The protective role of Se might be mediated through specific selenoproteins such as GPx. These selenoproteins reduce oxidation induced colon tumor of mice [28]. Therefore, the present findings conclude that hepatoprotective effects against heat stress may be associated with Se modulated up-regulation of GPx1 and GPx4 in male broiler chickens.

High ambient temperature induces ROS production which eventually causes lipid peroxidation [7,23]. As our results clearly demonstrated that SP feed supplementation increases Se uptake by the liver. MDA level was significantly reduced which indicates that oxidative stress and lipid peroxidation were significantly reduced. We also found a higher level of GSH, GSH-Px, and SOD in the SP group which again confirms the protective role of Se (SP) against heat stress.

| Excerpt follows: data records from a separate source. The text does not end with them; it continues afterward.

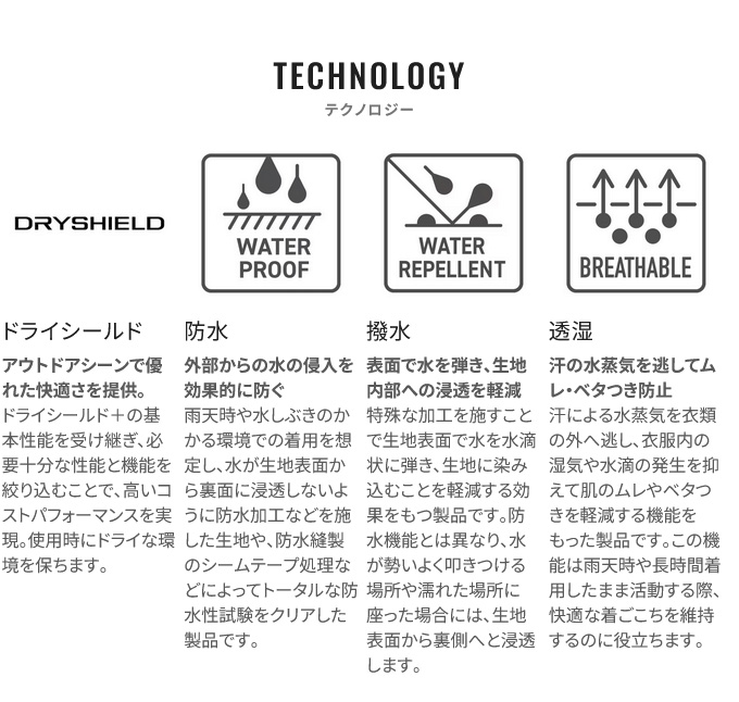 ■シマノ独自のレインウェア防水透湿基準「ドライシールド」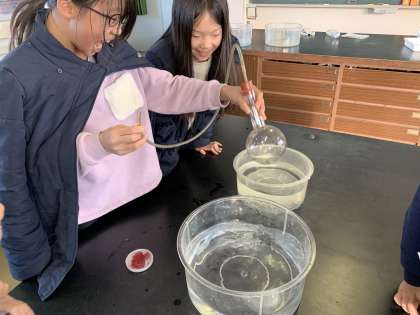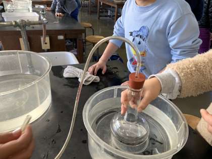 空気の温度と体積 公開日 2019/11/29 更新日 2019/11/29 4 年 11月29日(金) 5・6時間目に、閉じ込めた空気を温めたり、冷やしたりすると体積は変わるかを実験しました。 栓をしたフラスコを湯や冷水につけたとき、閉じ込められた空気によって、フラスコの先のビニル管に詰めたゼリーがどう動くかを見ました。 思ったよりも速く大きく動いて、見ていて面白かったですね。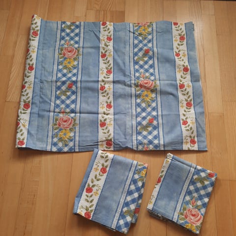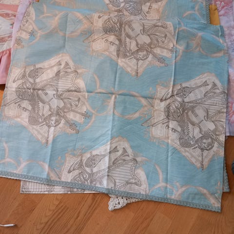 2 kpl valmiiksi ommeltuja verhokappoja pituudet 265 cm ja 243 cm, 2 kpl kappakankaita, pituudet 280 cm ja 257 cm, kapan korkeus on 56 cm. Yht. 10 euroa.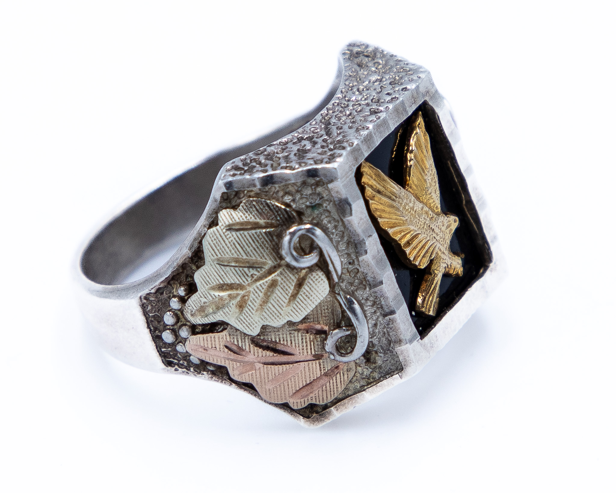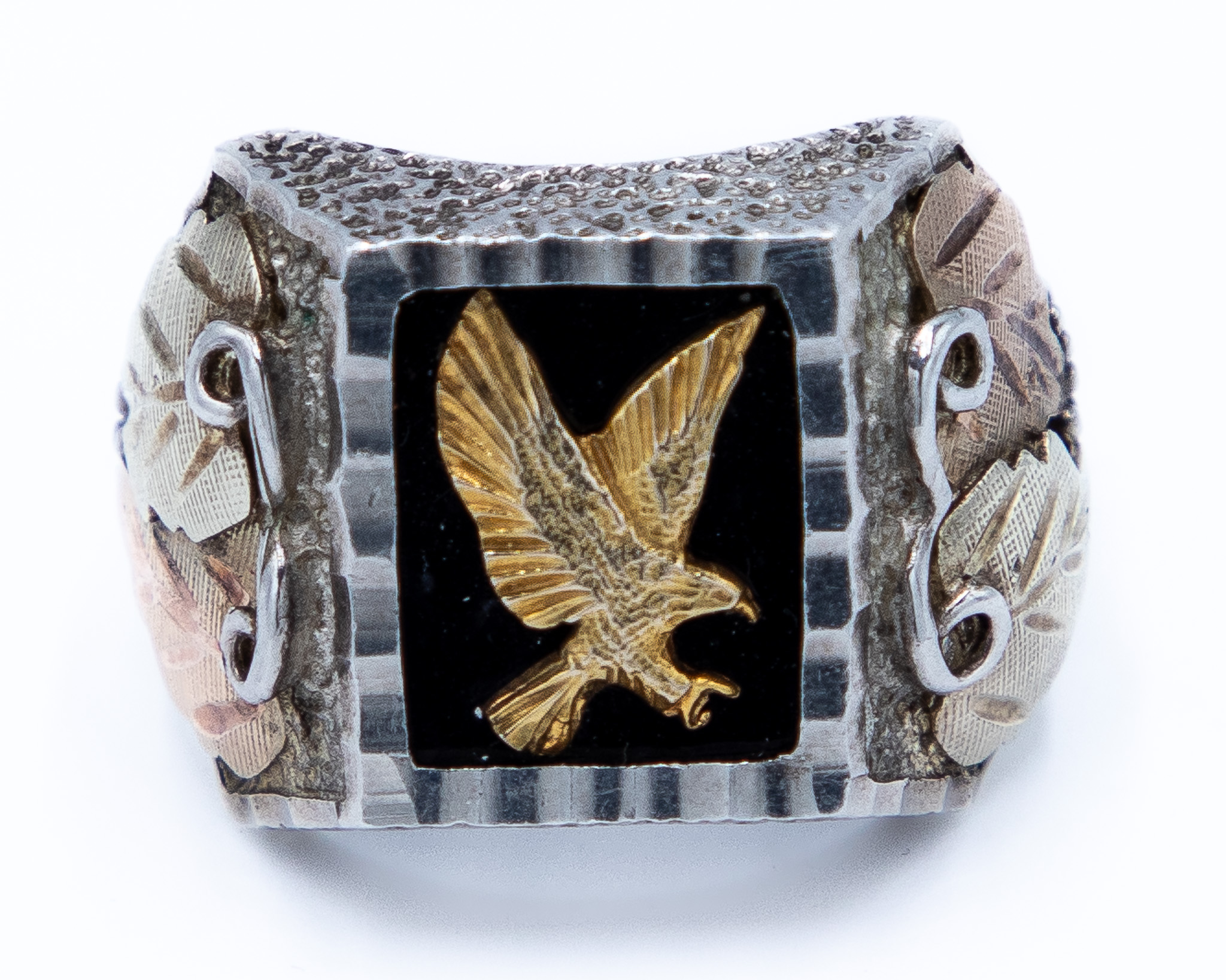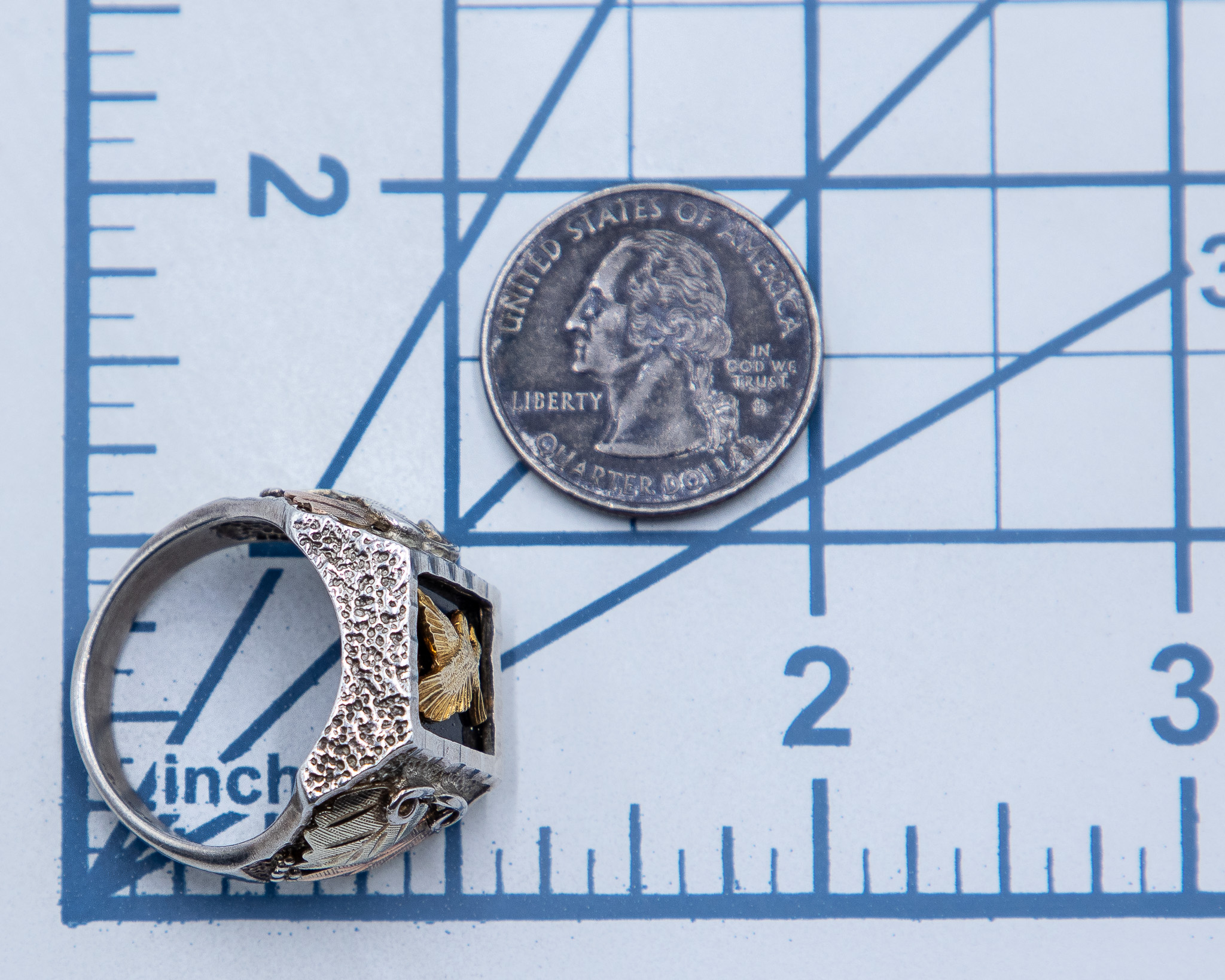 14K Gold Eagle Sterling Shadow Box Ring Signed OGC Sz. 13, 14g

Dietary supplementation of antioxidant products (e.g., Selenium) may inhibit NF-κB binding with inflammation-related genes and accordingly diminishes cytokine production and reduces inflammation. Previously, NF-κB inhibition and reduced inflammation due to selenium supplementation have been reported in rodents [29,30]. The production of pro-inflammatory cytokines, i.e., IL-1β, TNF-α, and IFN-ɣ are associated with the activation of NF-κB [31,32]. It supports our present study where TNF-α and IFN-ɣ, as well as NF-κB, were down-regulated with the SP diet. Certainly, our findings are consistent with a previous study where the SP diet significantly protected the liver fibrosis by attenuating liver oxidation and inflammation in rats [15]. Additionally, our studies showed that SP supplementation facilitated the upregulation of IL-10, which has been reported as an inhibitor of oxidative stress and pro-inflammatory cytokines (i.e. TNF-α, IL-1β, and IFN-γ) [33]. Furthermore, it has been reported that organic Se supplements can improve avian immunity by up-regulating the ability of immunocompetent cells (through IL-10) to respond to inflammation [34]. Alternatively, the assessment of the mRNA expression of IL-6 also indicated that the SP diet has a significant hepatoprotective effect which is in agreement with earlier studies [35,36]. Moreover, our histopathological examination of the liver also depicted that a SP diet may help to cope with high ambient temperature induced hepatic damage. At the end of our study, these outcomes were found to be strongly associated with mortality and total weight gain in the male broilers (Ross 308). Aggregately, our findings closely correlate with previous findings in other animals, which concluded that SP supplementation protects liver through immunomodulation and anti-oxidation in pigs and rats [23,37].

Conclusion

The present study describes SP as a potential nutritive supplement in broilers kept under high ambient temperature. We found that SP is a potential nutritive supplement, capable of protecting the liver by enhancing the antioxidant and immune system to suppress hepatic oxidation, inflammatory response, and necrosis through the regulation of heat stress-induced activation of ROS and associated NF-κB pathway. In addition, it provides a novel strategy to formulate poultry feed in tropical and subtropical regions to overcome the pathogenesis associated with summer stress in broiler production.